Luke angled his head to the side and thought for a moment. He didn’t say anything, though, which was unnerving.
“Why are you here, Luke?” I asked, letting out an exasperated sigh.
“Because…” He looked away toward the hallway. “I know what it’s like to lose someone, and I didn’t think you should be alone.”
The hard shell around my heart fell into pieces, just like that.
I began, “I—I’m…”
I wanted the words to come out. I wanted to tell him that I was fine and that I didn’t need him, or anyone. I wanted to tell him that I wanted to be alone. But the words dissipated the second I opened my mouth.
I thought I wanted to be alone today, to mourn Alex by myself, but now that I saw Luke here, staring at me with such a gentle look on his face, I’d changed my mind. I wanted him here. I wanted him here to comfort me, and I couldn’t figure out why. I just did.
I knew if I said another word, I was going to lose it. The tears were barely staying put, and the sob in my chest was approaching an epic entrance.
“I know, Cammie. I know…” He leaned over and put his hand on my bare knee, stroking it idly.
Then, I found myself sinking back with confusion when I reached my hand up and placed it right on top of his.
Luke stayed with me for the rest of the day, only leaving once to grab us some burgers from The Chelsea.
He even brought me back an entire box of wine.
I was simply stunned. And even though we jabbed each other with little insults all day, I hadn’t felt that happy in a long time, which was so strange, considering I had expected the day to be full of tears and heartache.
Luke made my brother’s death anniversary easier to bear, just by being next to me on the couch and listening to me ramble about all the memories I held with him.
It was as simple as that: just being near Luke, I felt better.

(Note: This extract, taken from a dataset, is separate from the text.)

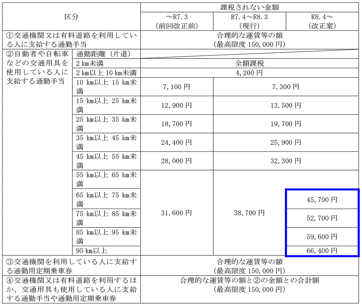 令和8年度の税制改正大綱では、さらに通勤距離が片道65㎞以上の者の1月当たりの非課税限度額が引き上げられる見込みです。

He was so thoughtful and compassionate—two things I was finding out that Luke was full of, whether he wanted to hide it behind his thick skull and lecherous comments or not. Luke was making it really hard for me not to fall for him. But I wouldn’t.
I wouldn’t do it.
Because if I did, I could very well find myself in the same position that I was in tonight—mourning the death of someone who I cared so deeply about.